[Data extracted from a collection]
····················
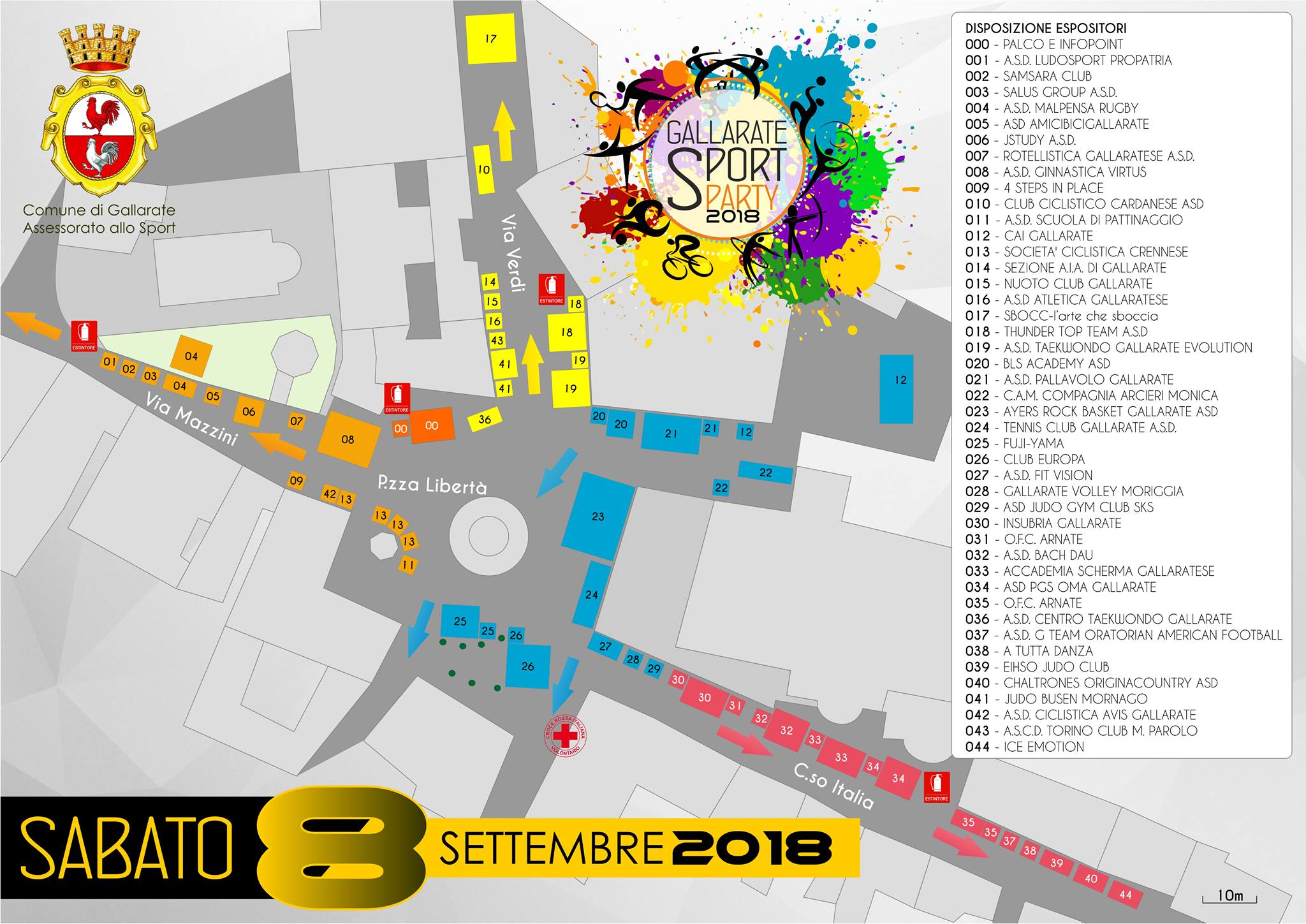 Nella mappa qui accanto (clicca qui per aprirla in grandi dimensioni) trovate le indicazioni su tutte le 44 associazioni sportive presenti con propri stand: dal pattinaggio al tiro con l’arco, dal ciclismo al circoteatro, dalle arti marziali al football americano, c’è tanto da vedere.TAG ARTICOLO
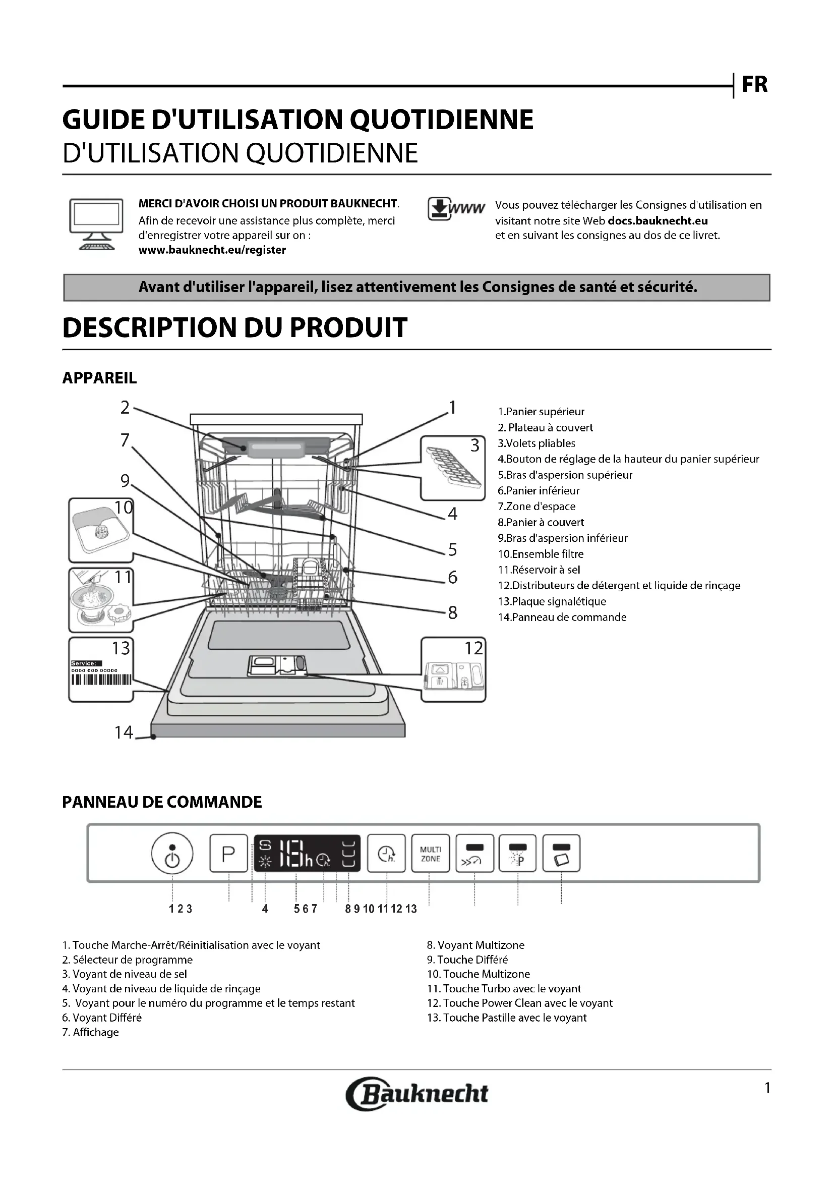 D'UTILISATION QUOTIDIENNE MERCI D'AVOIR CHOISI UN PRODUIT BAUKNECHT. Afin de recevoir une assistance plus complète, merci d'enregistrer votre appareil sur on :www.bauknecht.eu/registerVous pouvez télécharger les Consignes d'utilisation en visitant notre site Web docs.bauknecht.euet en suivant les consignes au dos de ce livret. Avant d'utiliser l'appareil, lisez attentivement les Consignes de santé et sécurité.
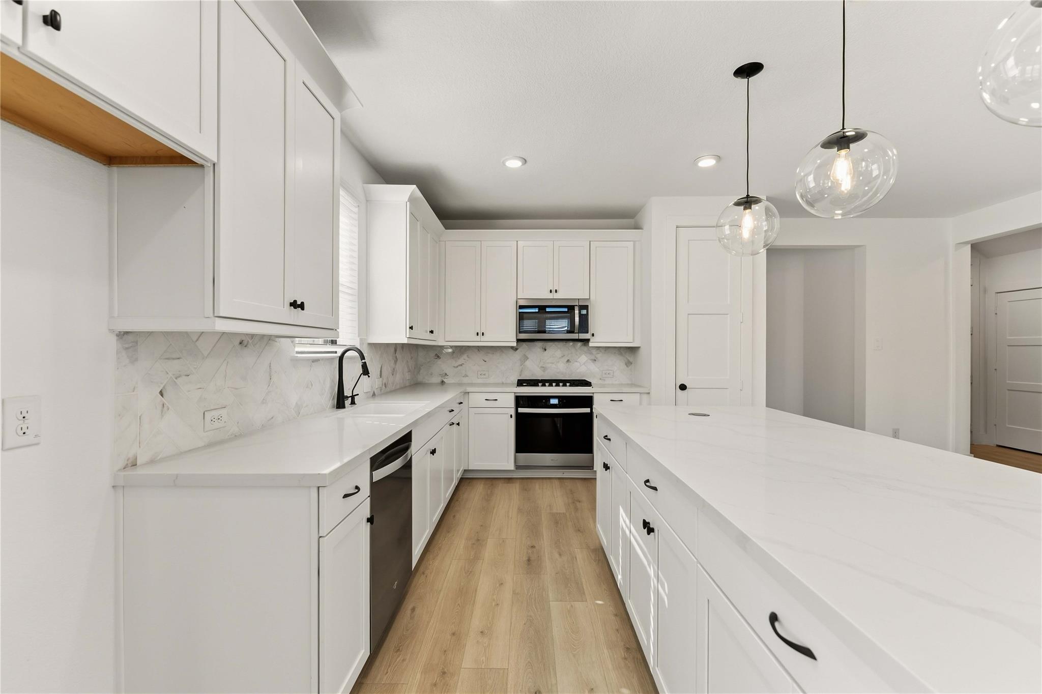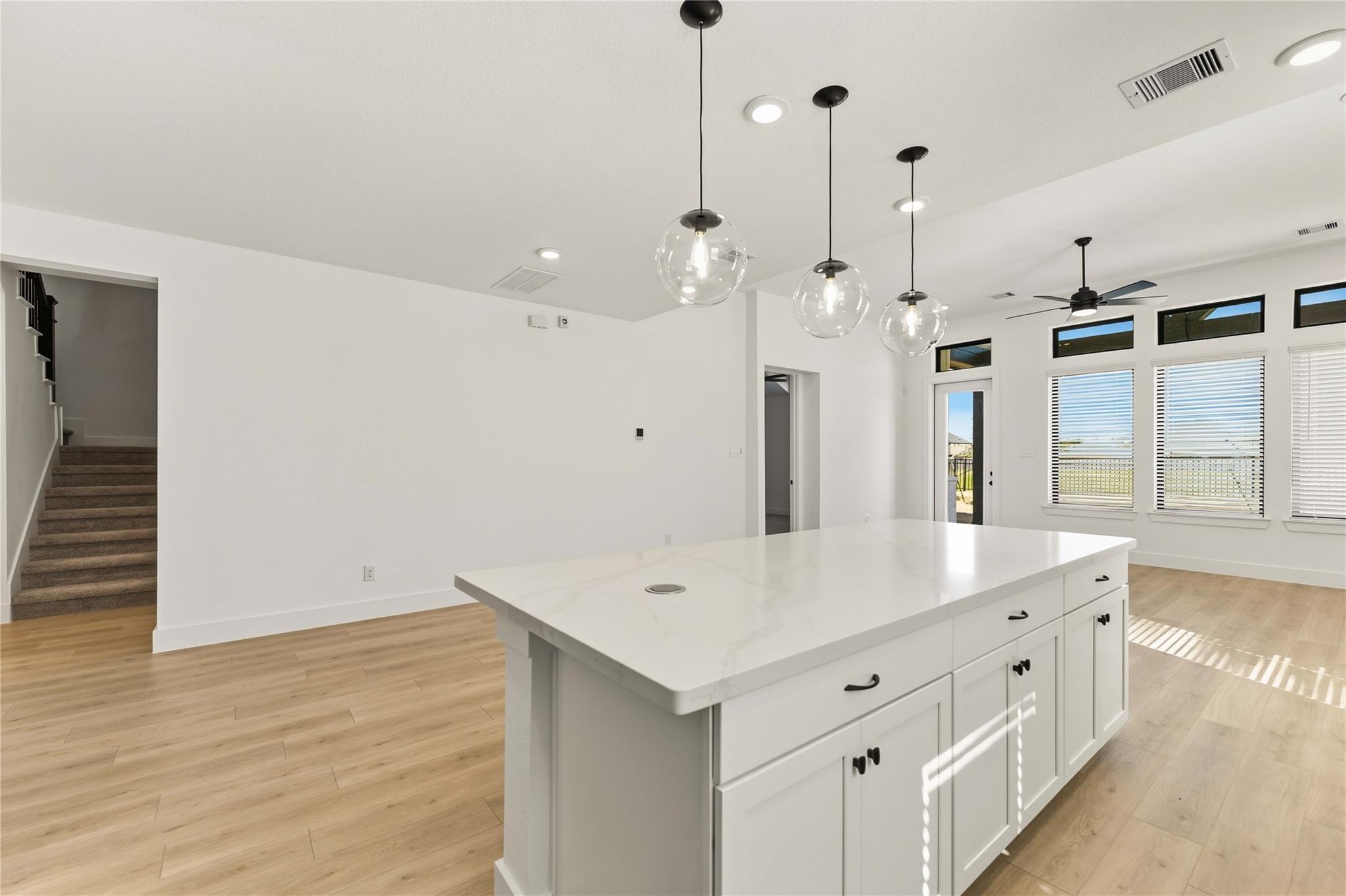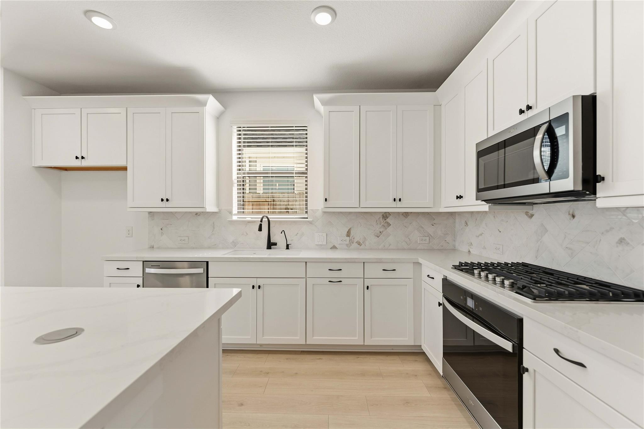 InteriorFloors:Carpet,Engineered Wood,TileCountertop:QuartzBathroom Description:Full Secondary Bathroom Down,Primary Bath: Double Sinks,Primary Bath: Separate Shower,Primary Bath: Soaking Tub,Secondary Bath(s): Shower Only,Secondary Bath(s): Tub/Shower ComboBedroom Desc:2 Bedrooms Down,1 Bedroom Up,Primary Bed - 1st Floor,Walk-In ClosetKitchen Desc:Breakfast Bar,Island w/o Cooktop,Kitchen open to Family Room,Pantry,Under Cabinet LightingRoom Description:1 Living Area,Breakfast Room,Family Room,Gameroom Up,Living Area - 1st Floor,Living/Dining Combo,Utility Room in HouseHeating:Central GasCooling:Central ElectricWasher/Dryer Conn:YesDishwasher:YesDisposal:YesCompactor:NoMicrowave:YesRange:Gas RangeOven:Single OvenIce Maker:NoAppliances:Dryer Included,Refrigerator,Washer IncludedEnergy Feature:Ceiling Fans,Digital Program Thermostat,Energy Star Appliances,Energy Star/CFL/LED Lights,Energy Star/Reflective Roof,High-Efficiency HVAC,HVAC>15 SEER,Insulated Doors,Insulated/Low-E windows,Insulation - Batt,Insulation - Spray-Foam,Tankless/On-Demand H2O HeaterInterior:Crown Molding,Fire/Smoke Alarm,Formal Entry/Foyer,High Ceiling,Prewired for Alarm System,Refrigerator Included,Window Coverings
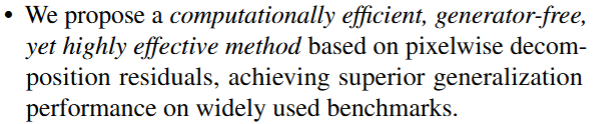 提出了一种计算高效、无需生成器且高效的方法:作者团队提出了一种基于像素级分解残差的新检测方法。该方法不依赖于任何生成模型进行图像重建,从而避免了相关计算开销和模型偏差,同时在广泛使用的基准测试上实现了卓越的泛化性能 。
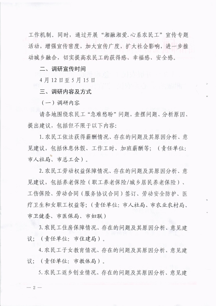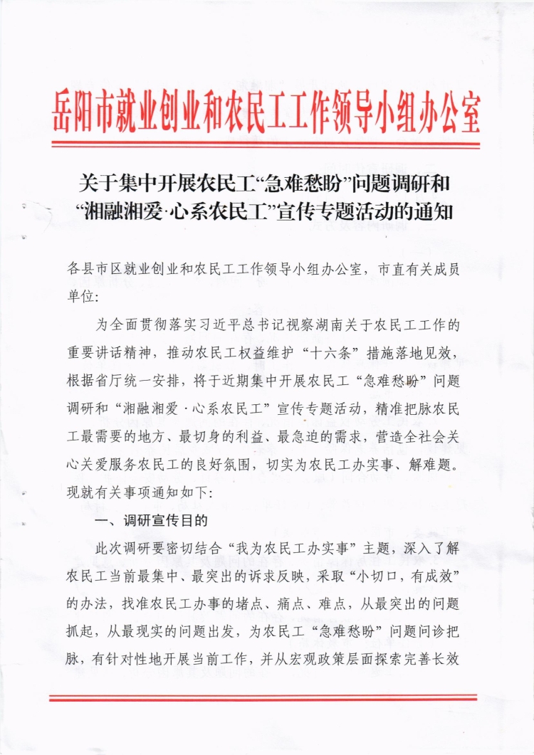 关于集中开展农民工“急难愁盼”问题调研和“湘融湘爱·心系农民工”宣传专题活动的通知
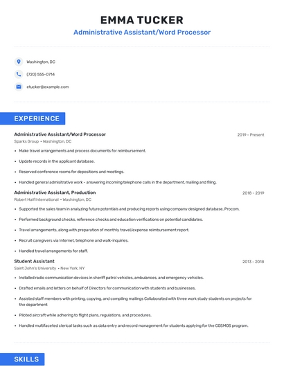 Build a professional administrative assistant/word processor resume in minutes. Browse through our resume examples to identify the best way to word your resume. Then choose from 5+ resume templates to create your administrative assistant/word processor resume.
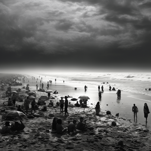 a photography in resolution 1800x500 of a beach, black and white, optimistic, by Annie Leibovitz, realistic.
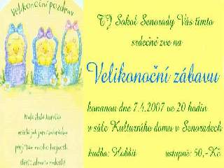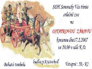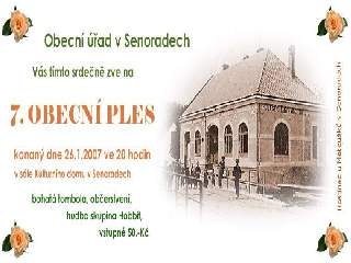Zveme tímto všechny občany na 7.obecní ples, který se bude konat dne 26.1.2007 ve 20 hodin v kulturním domě Senorady. Čeká Vás bohatá tombola, občerstvení a hudební skupina Hobbit.....
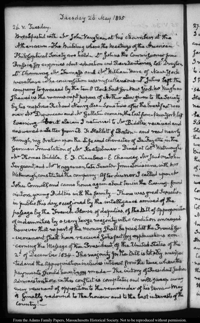View full, authoritative transcriptions with page images of the diaries at John Quincy Adams Digital Diary part of the Primary Source Cooperative at the MHS.
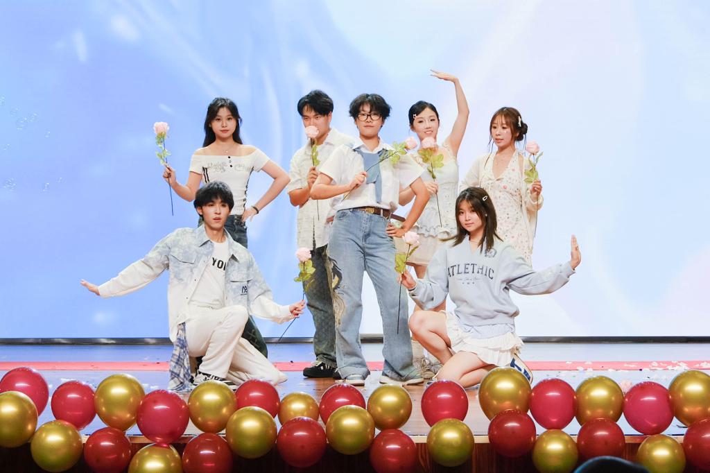 晚会以“门外有只胖橘”乐队带来的开场歌曲瞬间点燃全场热情,强劲的节奏与飞扬的歌声,迅速将观众带入晚会的热烈氛围。整场晚会紧扣主题,分“山海相逢 惟真同心”“弦歌不辍 奋楫争先”“乘风破浪 志泽四方”三个篇章依次展开。13个节目涵盖了歌曲、舞蹈、情景剧、武术、朗诵、器乐、走秀、配音等多元艺术形式,展示了校区学生的青春活力与艺术气息。
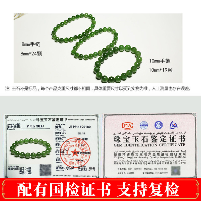 Hetian jasper bracelet (8mm) with certificate Hetian jasper bracelet (10mm) with certificate
····················
Be exact. Write out all the entries and omit the pictures.

▸ Reply:
 Nella mappa qui accanto (clicca qui per aprirla in grandi dimensioni) trovate le indicazioni su tutte le 44 associazioni sportive presenti con propri stand: dal pattinaggio al tiro con l’arco, dal ciclismo al circoteatro, dalle arti marziali al football americano, c’è tanto da vedere.TAG ARTICOLO
 D'UTILISATION QUOTIDIENNE MERCI D'AVOIR CHOISI UN PRODUIT BAUKNECHT. Afin de recevoir une assistance plus complète, merci d'enregistrer votre appareil sur on :www.bauknecht.eu/registerVous pouvez télécharger les Consignes d'utilisation en visitant notre site Web docs.bauknecht.euet en suivant les consignes au dos de ce livret. Avant d'utiliser l'appareil, lisez attentivement les Consignes de santé et sécurité.
 InteriorFloors:Carpet,Engineered Wood,TileCountertop:QuartzBathroom Description:Full Secondary Bathroom Down,Primary Bath: Double Sinks,Primary Bath: Separate Shower,Primary Bath: Soaking Tub,Secondary Bath(s): Shower Only,Secondary Bath(s): Tub/Shower ComboBedroom Desc:2 Bedrooms Down,1 Bedroom Up,Primary Bed - 1st Floor,Walk-In ClosetKitchen Desc:Breakfast Bar,Island w/o Cooktop,Kitchen open to Family Room,Pantry,Under Cabinet LightingRoom Description:1 Living Area,Breakfast Room,Family Room,Gameroom Up,Living Area - 1st Floor,Living/Dining Combo,Utility Room in HouseHeating:Central GasCooling:Central ElectricWasher/Dryer Conn:YesDishwasher:YesDisposal:YesCompactor:NoMicrowave:YesRange:Gas RangeOven:Single OvenIce Maker:NoAppliances:Dryer Included,Refrigerator,Washer IncludedEnergy Feature:Ceiling Fans,Digital Program Thermostat,Energy Star Appliances,Energy Star/CFL/LED Lights,Energy Star/Reflective Roof,High-Efficiency HVAC,HVAC>15 SEER,Insulated Doors,Insulated/Low-E windows,Insulation - Batt,Insulation - Spray-Foam,Tankless/On-Demand H2O HeaterInterior:Crown Molding,Fire/Smoke Alarm,Formal Entry/Foyer,High Ceiling,Prewired for Alarm System,Refrigerator Included,Window Coverings
 提出了一种计算高效、无需生成器且高效的方法:作者团队提出了一种基于像素级分解残差的新检测方法。该方法不依赖于任何生成模型进行图像重建,从而避免了相关计算开销和模型偏差,同时在广泛使用的基准测试上实现了卓越的泛化性能 。
 关于集中开展农民工“急难愁盼”问题调研和“湘融湘爱·心系农民工”宣传专题活动的通知
 Build a professional administrative assistant/word processor resume in minutes. Browse through our resume examples to identify the best way to word your resume. Then choose from 5+ resume templates to create your administrative assistant/word processor resume.
 a photography in resolution 1800x500 of a beach, black and white, optimistic, by Annie Leibovitz, realistic.
Zveme tímto všechny občany na 7.obecní ples, který se bude konat dne 26.1.2007 ve 20 hodin v kulturním domě Senorady. Čeká Vás bohatá tombola, občerstvení a hudební skupina Hobbit.....
View full, authoritative transcriptions with page images of the diaries at John Quincy Adams Digital Diary part of the Primary Source Cooperative at the MHS.
 晚会以“门外有只胖橘”乐队带来的开场歌曲瞬间点燃全场热情,强劲的节奏与飞扬的歌声,迅速将观众带入晚会的热烈氛围。整场晚会紧扣主题,分“山海相逢 惟真同心”“弦歌不辍 奋楫争先”“乘风破浪 志泽四方”三个篇章依次展开。13个节目涵盖了歌曲、舞蹈、情景剧、武术、朗诵、器乐、走秀、配音等多元艺术形式,展示了校区学生的青春活力与艺术气息。
 Hetian jasper bracelet (8mm) with certificate Hetian jasper bracelet (10mm) with certificate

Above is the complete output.